Hence, the definitions/algorithms given here are to be understood as educational and must not be implemented straight away in a real system!

**Definition 1.** For  $\ell$ -bit RSA, pick two secret primes p, q, each about  $\ell/2$  in size. Let  $n = p \cdot q$ . Furthermore, pick a public exponent e. The RSA public key is the tuple (n, e) The corresponding RSA private key is the tuple (p, q, d) with  $d = e^{-1} \mod \phi(n)$ .

**Definition 2.** RSA encryption of plaintext x under a public key (n, e) is given as:  $y = x^e \mod n$ .

Similarly, RSA signature verification of a signature s is:  $x = s^e \mod n$ .

**Definition 3.** RSA decryption of a ciphertext y with a private key (p, q, d) is given as:  $x = y^d \mod n$ .

Similarly, an RSA signature on a plaintext x is computed as:  $s = x^d \mod n$ .

## 3.2 Long-Number Arithmetic

Asymmetric algorithms like RSA and ECC require computations with numbers beyond the width w of a single CPU register. Thus, we have to deal with long-number or multi-precision arithmetic. For PC-like platforms, there exist very comprehensive libraries to implement computations with long numbers (e.g., GMP or within OpenSSL). Hence, the need to implement such algorithms "from scratch" is not given; and for security and efficiency reasons it is not recommended to create own implementations.

However, for embedded applications, libraries developed for PC platforms may be oversized, contain many features not required in a particular case, or be inefficient due to assumptions that only hold for a PC architecture. On the other hand, it has educational value to study what happens "under the hood" of a long-number arithmetic library. Therefore, we will study a few building blocks of long-number arithmetic in the following subsections.

#### 3.2.1 Number Representation

As mentioned, we assume a processor with w-bit registers.

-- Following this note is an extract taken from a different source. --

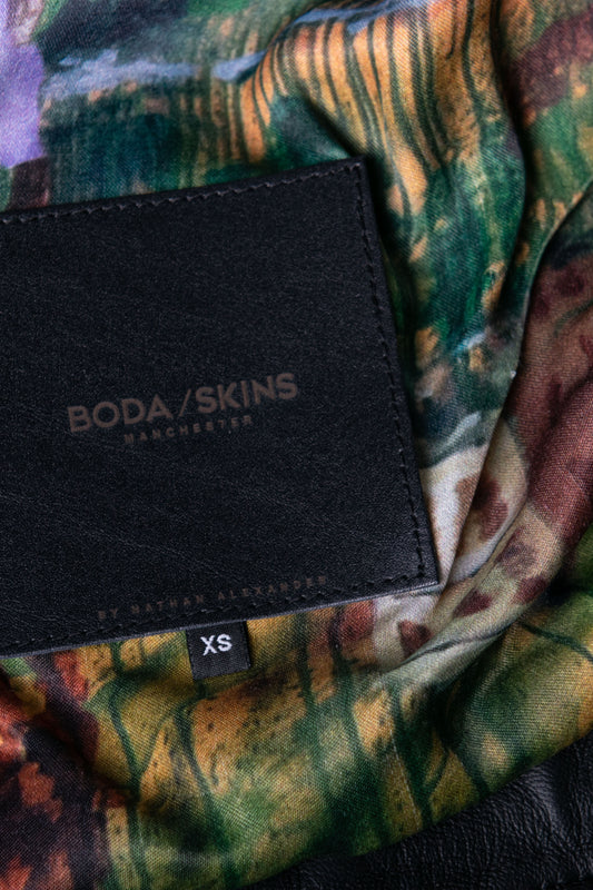 Our best-selling men’s leather, the Kay Michaels, refined with elevated branded platinum hardware and limited edition lining. This exclusive edition features an asymmetrical zip, quilt detailing, slanted pockets and our vibrant "Settler Surrealism" lining; a painting created for BODA SKINS inspired by Aspen, Colorado and its rich history.

Given an  $\ell$ -bit number u, we store this number in

$$k = \left\lceil \frac{\ell}{w} \right\rceil$$

registers. In other words, we represent the number u to the base  $b=2^w$ :

$$u = u_0 \cdot b^0 + u_1 \cdot b^1 + u_2 \cdot b^2 + \dots + u_{k-1} \cdot b^{k-1}$$
  
=  $u_0 \cdot 2^0 + u_1 \cdot 2^w + u_2 \cdot 2^{2w} + \dots + u_{k-1} \cdot 2^{(k-1) \cdot w}$ 

where  $u_0, u_1, \ldots, u_{m-1}$  are w-bit words often also called *limbs*. Note that each limb fits into a single w-bit register and can hence be handled by the CPU. Let us take the number  $a = (12345678)_{10}$  as an example. In binary, this  $\ell = 24$  bit number<sup>1</sup> is given as:

$$u = (1011111000110000101001110)_2$$

Assume our CPU works (for some obscure reason) with w=5 bit registers. Then, we would divide u into  $k=\left\lceil \frac{24}{5}\right\rceil =5$  limbs of 5 bit each:

$$u = (01011\ 11000\ 11000\ 01010\ 01110)_{25} = (a_4, a_3, a_2, a_1, a_0)_{25}$$

Note that we had to add a zero bit in the most-significant (leftmost) word so that the numbers fits into a multiple of the register width w.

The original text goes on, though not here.